Pestañas

XXIII Domingo del Tiempo Ordinario– Año C

La Cruz, una ignominia convertida en signo de “Gloria”

P. Fernando Armellini


Introducción
          Es famoso el dicho de un padre del desierto: “Llegará un día en que los hombres enloquecerán. Y al ver a uno que es cuerdo, se volverán contra él diciendo: ‘¡tú estás loco!’, por ser diferente de ellos. Pablo ha pasado por esta experiencia: “Los judíos piden milagros, los griegos buscan sabiduría mientras que nosotros anunciamos un Cristo crucificado, escándalo para los judíos y locura para los paganos” (1 Cor 22-23). ¿Dónde está la verdadera sabiduría? La lógica de la cruz no es la del mundo… y el hombre crece asimilando la lógica del mundo. Cuando le viene anunciada la “locura de la cruz” es normal, e incluso saludable, que se enfrente con la duda y la perplejidad y que se detenga a reflexionar sobre la decisión a tomar.

          Nosotros buscamos la vida, no la muerte; tratamos de evitar todo lo que nos hace sufrir. La cruz no evoca, desgraciadamente, la idea de salvación. Ciertas formas de mortificación, de penitencias, de prácticas ascéticas han hecho un flaco servicio a la hora de comprender la invitación del Señor a tomar la cruz.
          El cristiano no aspira al dolor (tampoco Jesús lo ha buscado), sino al amor. No obstante, cuando el amor es vivido “hasta el extremo” (Jn 13,1), llega hasta el don de la vida.
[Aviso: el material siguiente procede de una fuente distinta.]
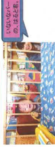
いないいないばらの、はると君。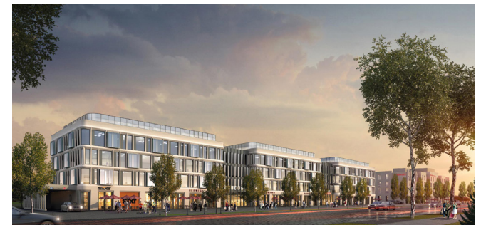
HERWEGHSTR. 50, 18055 ROSTOCK

Es ésta la razón por la que la cruz, de ser signo de muerte se convierte en símbolo de vida.
          Hasta finales del siglo III, los símbolos cristianos eran el ancla, el pescador, el pez…nunca la cruz. Será a partir del siglo IV, con el célebre descubrimiento del instrumento de suplicio de Jesús por parte de Santa Elena, que la cruz se convertirá en símbolo de victoria, no sobre los enemigos del emperador Constantino antes de la batalla del Puente Milvio, sino sobre la muerte y sobre todo lo que hace morir. Tomar el partido de la cruz es tomar partido de la vida…pero esto es difícil comprenderlo.
 * Para interiorizar el mensaje, repetiremos: “Danos, Señor, la sabiduría de la Cruz”.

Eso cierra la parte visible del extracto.